Contrary to popular belief, the "MOOC need not be impersonal," said Filreis, who describes close reading as "a social act." Filreis isn’t a fan of conventional lectures. Instead, he wants to show students a new way of consuming literature, how to "slow down and read intensely, get excitement out of aesthetics and form, not content." Filreis wants to engage a range of of people—not just students and educators, but doctors and engineers, immigrants who are still learning English. The diversity of the discussion groups isn’t surprising; ModPo discussion groups have exploded in popularity nationally and even internationally. As of last Fall, Filreis or other ModPo staff were moderating groups in Los Angeles, Chicago, New York, D.C., San Francisco, and Prague. That’s on top of the dozens of user-led groups hosted around the world.
But ModPo offers just one example of how poetry is increasingly making its mark on the online-education world. Harvard University literature professor Elisa New, for example, has launched a similar virtual course called Poetry in America. Now in its third year, the class is being expanded to include a two-year exploration of the entire American poet tradition. Like Filreis, New’s mission is to make poetry resonate with a broader audience: "We have to get outside the gates. What we have [in poetry] is too precious. We have to stop beating ourselves up about how the humanities are dying and instead ask, 'How do we reach all those intelligent people who love language, all those kids who delight in the rhymes of hip hop?'"
New is also interested in how poetry "creates a sense of cultural self-understanding"—how it’s used as a tool to reflect on identity, relationships, society, and history. To help guide members of the Harvard basketball team through Edward Hirsch’s poem "Fast Break," for example, New dons an athletic t-shirt. She talks about Hirsch’s use of adverbs, the effect of the long "i" sounds, high and gliding; she concludes by comparing basketball to a poem and life itself, each of which has an "overall form that can be seen if we pause to look at it."
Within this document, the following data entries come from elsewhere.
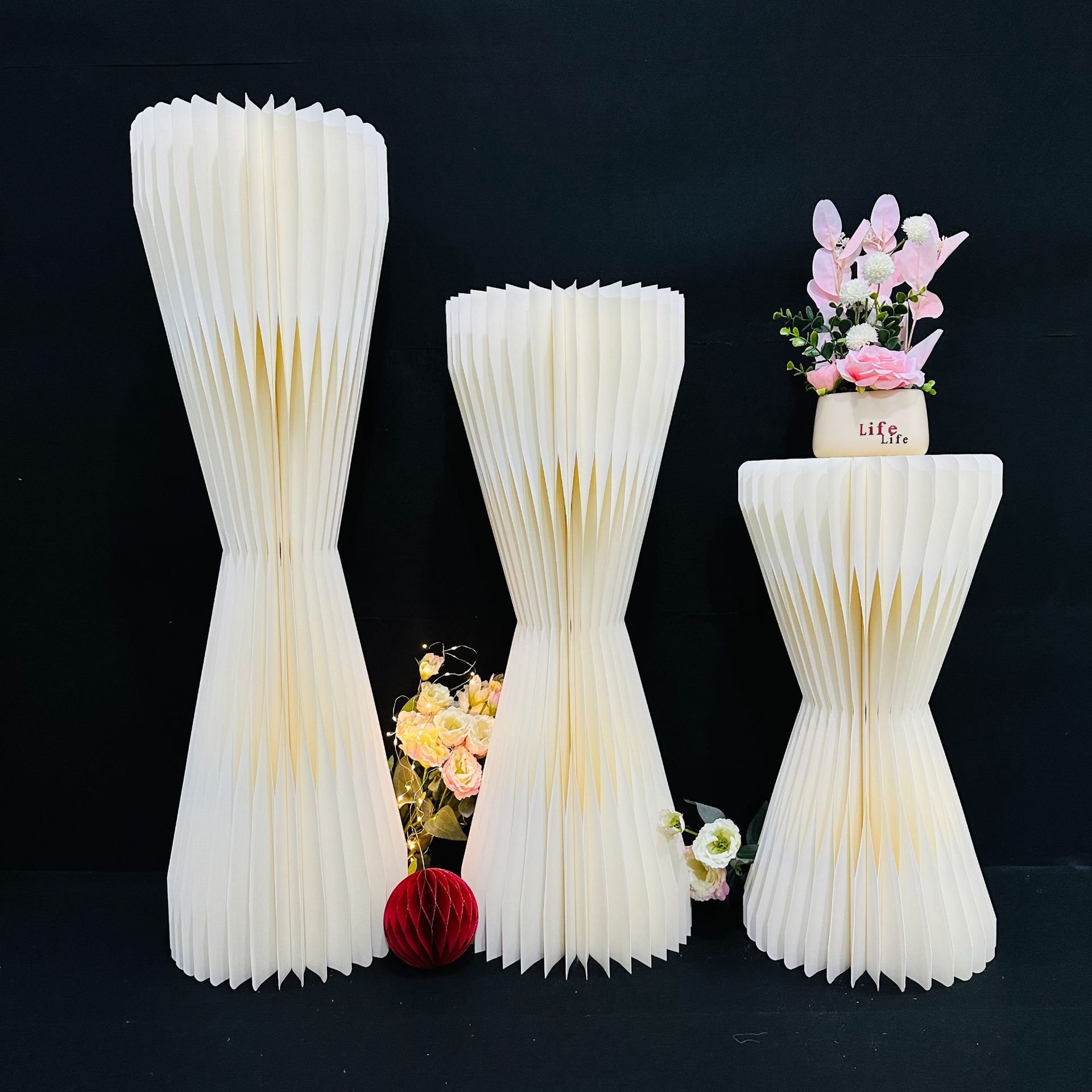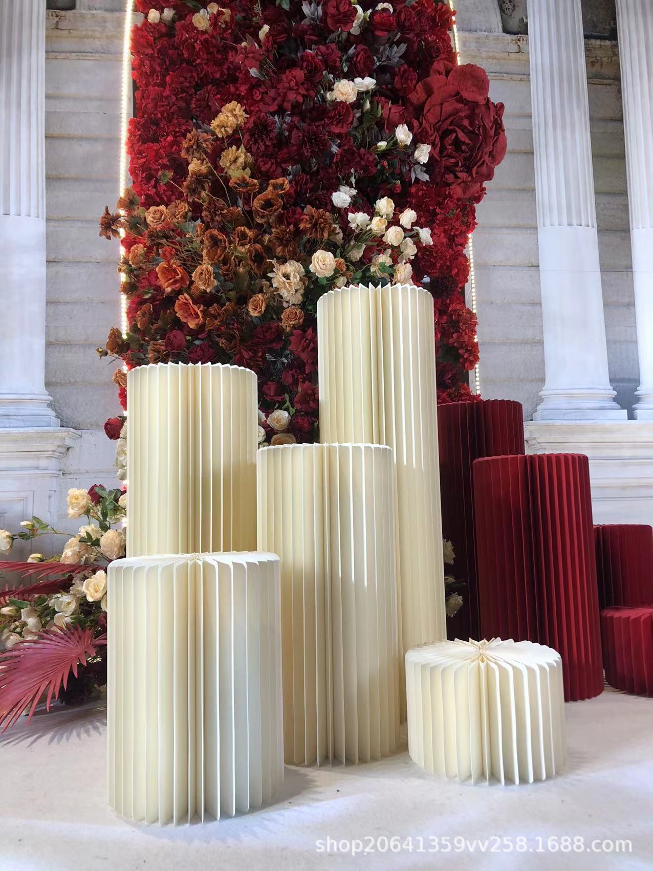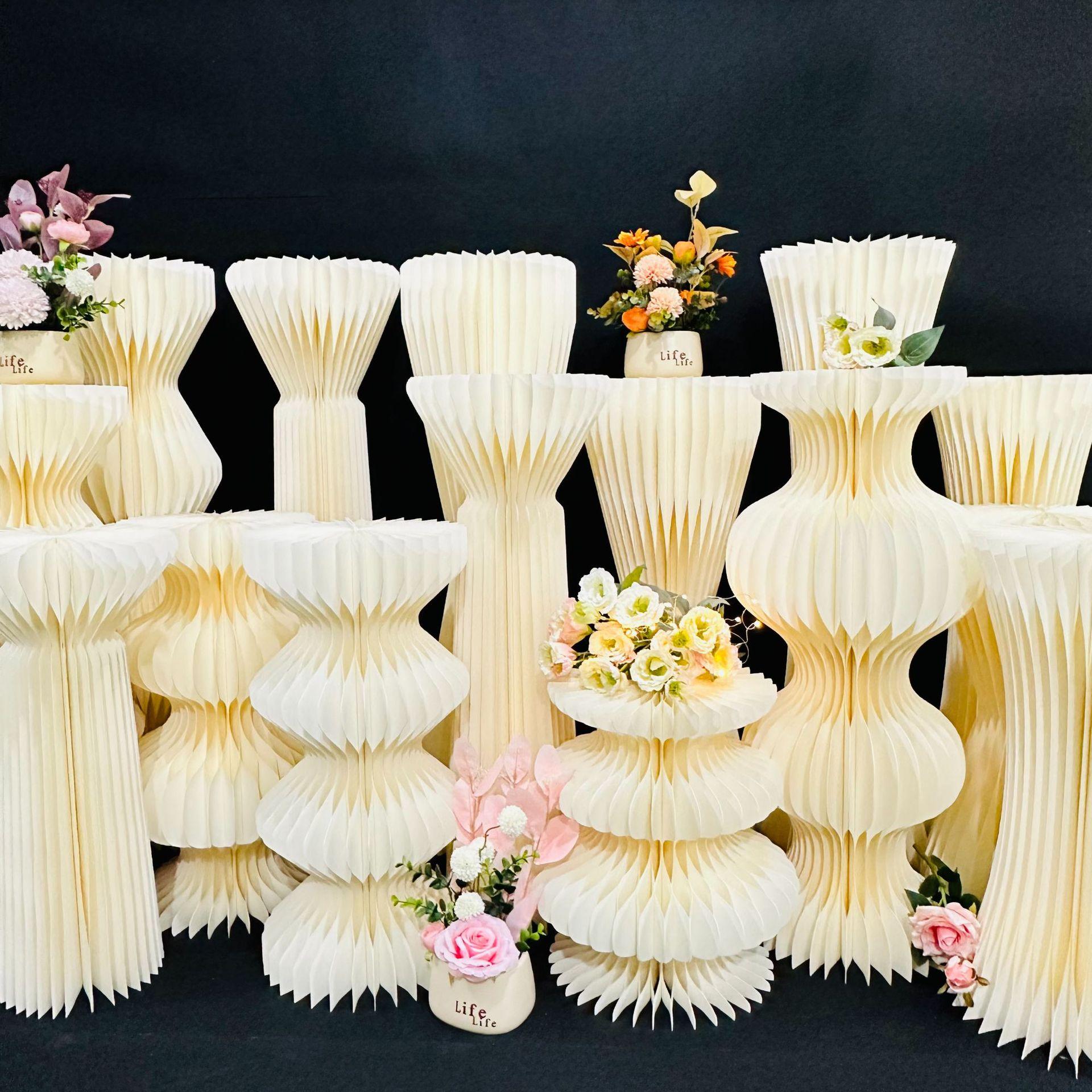 Mesa de Postres para Fiesta de Cumpleaños Columna Romana Guía de Camino Plegable Columna de Papel Nido de Abeja Escenario de Boda Ventana Soporte de Exhibición Origami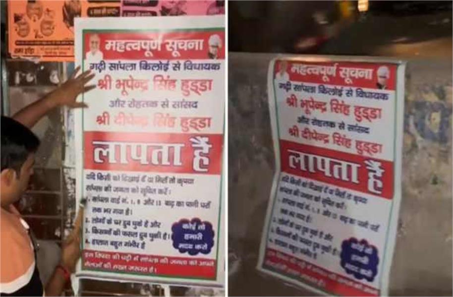 मंगलवार रात को पूर्व मुख्यमंत्री भूपेंद्र सिंह हुड्डा लापता व सांसद दीपेंद्र हुड्डा लापता होने के पोस्टर लगे हुए हैं। इन पोस्टर को सांपला नगर पालिका के पूर्व पार्षद शिव कुमार रंगीला हैं, जो 2 बार विधानसभा चुनाव भी लड़ चुके हैं। पोस्टर में लिखा था कि सांपला में बारिश की वजह से लोगों के घरों में पानी भर गया है। अगर दोनों कहीं दिखाई दें तो सांपला की जनता को सूचित करें। आखिर में लिखा- “कोई तो हमारी मदद करो।”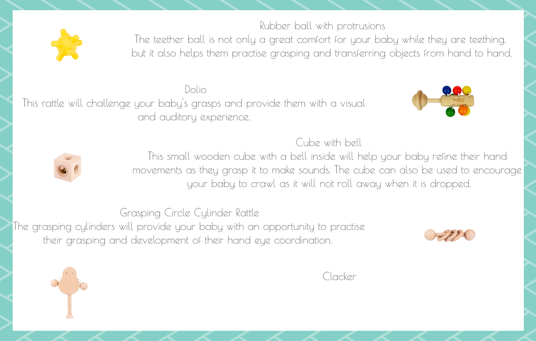 These materials will encourage your baby to reach and grasp as they begin to realise they can change their environment through interacting with these materials.  Supporting development of hand eye coordination and encouraging the mind and their hand to work together.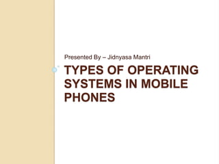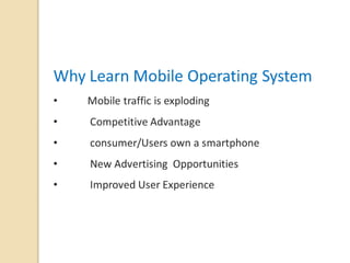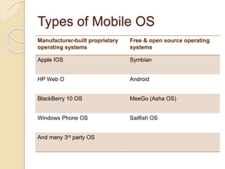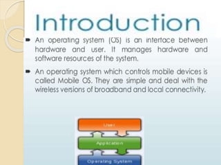 The document discusses mobile operating systems, detailing their evolution, types, advantages, disadvantages, and applications. It highlights the differences between mobile and smartphone operating systems and emphasizes the need for a balance between design, hardware, and software for optimal user experience. The future of mobile OS, including emerging platforms like Firefox OS, Tizen, and Ubuntu Touch, is also addressed, suggesting that success depends on user requirements.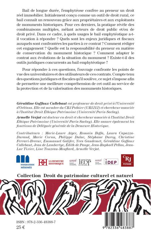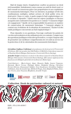 Bail de longue durée, l'emphytéose confère au preneur un droit réel immobilier. Initialement conçu comme un outil de droit rural, ce bail connaît un renouveau grâce aux propriétaires et aux exploitants de monuments historiques. Pour ces derniers, la pratique révèle des combinaisons multiples, mêlant acteurs de droit public et/ou de droit privé. Dans ce cadre, à quels usages le bail emphytéotique a-t-il vocation à répondre ? Quels sont les enjeux juridiques et fiscaux auxquels sont confrontées les parties à ce contrat ? Comment rédiger cet engagement ? Quelle est la responsabilité du preneur en matière de conservation du monument historique ? Comment adapter le contrat aux évolutions de la situation du monument ? Existe-t-il des outils juridiques concurrents au bail emphytéotique ? Pour répondre à ces questions, l'ouvrage confronte les points de vue des universitaires et des utilisateurs de ces contrats. Compte tenu des questions juridiques et fiscales qu'il soulève, ce sujet s'impose afin de permettre une meilleure compréhension de cet outil au service de la protection et de la valorisation des monuments historiques.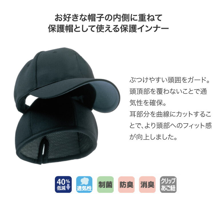 ●サイズ(頭囲)/56〜58cm、59〜61cm●重さ/56〜58cm:約90g、59〜61cm:約100g●材質/緩衝材:PORON+メッシュ、表地:綿80%・レーヨン20%(キチンキトサン)●生産国/日本●手洗い可●洗濯機可(ネット使用) ・お気に入りの帽子も保護帽に。お手持ちの帽子につけるだけ!・頭頂部を覆わないことで高い通気性を確保。・耳部分を曲線にカットすることで、より頭部へのフィット感が高まりました。※1cm程度の厚みがありますので、アウターの帽子は通常よりもひと回り大きなものをご用意ください。 【特殊衣料】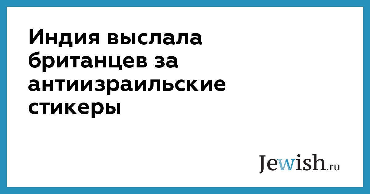 Власти индийского штата Раджастхан обязали двоих граждан Британии немедленно покинуть страну за нарушение визового режима. Как сообщает Times of India, 36-летние Льюис Габриэль Ди и Ануэши Эмма Кристин превратили свой отпуск в Индии в антиизраильский перформанс, расклеивая в городе Пушкар призывы к бойкоту Израиля. Активистам вручили предписание Leave India, обязывающее их вылететь домой в кратчайшие сроки.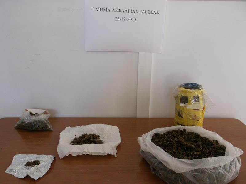 Συνελήφθη χθες (23-12-2015) το πρωί σε χωριό της Πέλλας, από αστυνομικούς της Ομάδας Δίωξης Ναρκωτικών του Τμήματος Ασφάλειας Έδεσσας, σε συνεργασία με αστυνομικούς της Ομάδας Πρόληψης και Καταστολής Εγκληματικότητας της Πέλλας, 52χρονος ημεδαπός, σε βάρος του οποίου σχηματίσθηκε δικογραφία για παραβάσεις της νομοθεσίας περί εξαρτησιογόνων ουσιών.

And now, in addition to the online class, New is targeting even more "casual" learners: She just developed a television show based on her course. The pilot features well-known public figures ranging from Bill Clinton to Sonya Sanchez reading their favorite poems. Like ModPo, New’s course is popular among users around the world, with students representing nearly 150 countries. Certain topics, such as Whitman, are more popular among participants than others. Others, meanwhile, have attracted specific populations. The section on Puritan poetry, for example, gained particular traction with users in the Middle East.
But skeptics of online education still question if academic subjects, let alone poetry, can be taught on the web. They stress that true scholarship takes patience and time—values that aren’t inherent to online education. Even though many MOOCs offer certificates of completion, only 5 percent of of those who enroll actually stick to it. And, despite their popularity, both UPenn and Harvard’s poetry classes have experienced high dropout rates as well.
But Filreis suggests that the courses’ objectives are more important than their measurable outcomes. ModPo, he said, isn’t about the number of people who complete it—and it certainly isn’t designed to replace a traditional college seminar. After all, data indicates that most of the students who sign up already have some formal higher education under their belt. Rather, ModPo—and Poetry in America—are about reaching more minds and opening more people to the possibilities of language. They're about finding Whitman not only under boot soles but on smartphones, too.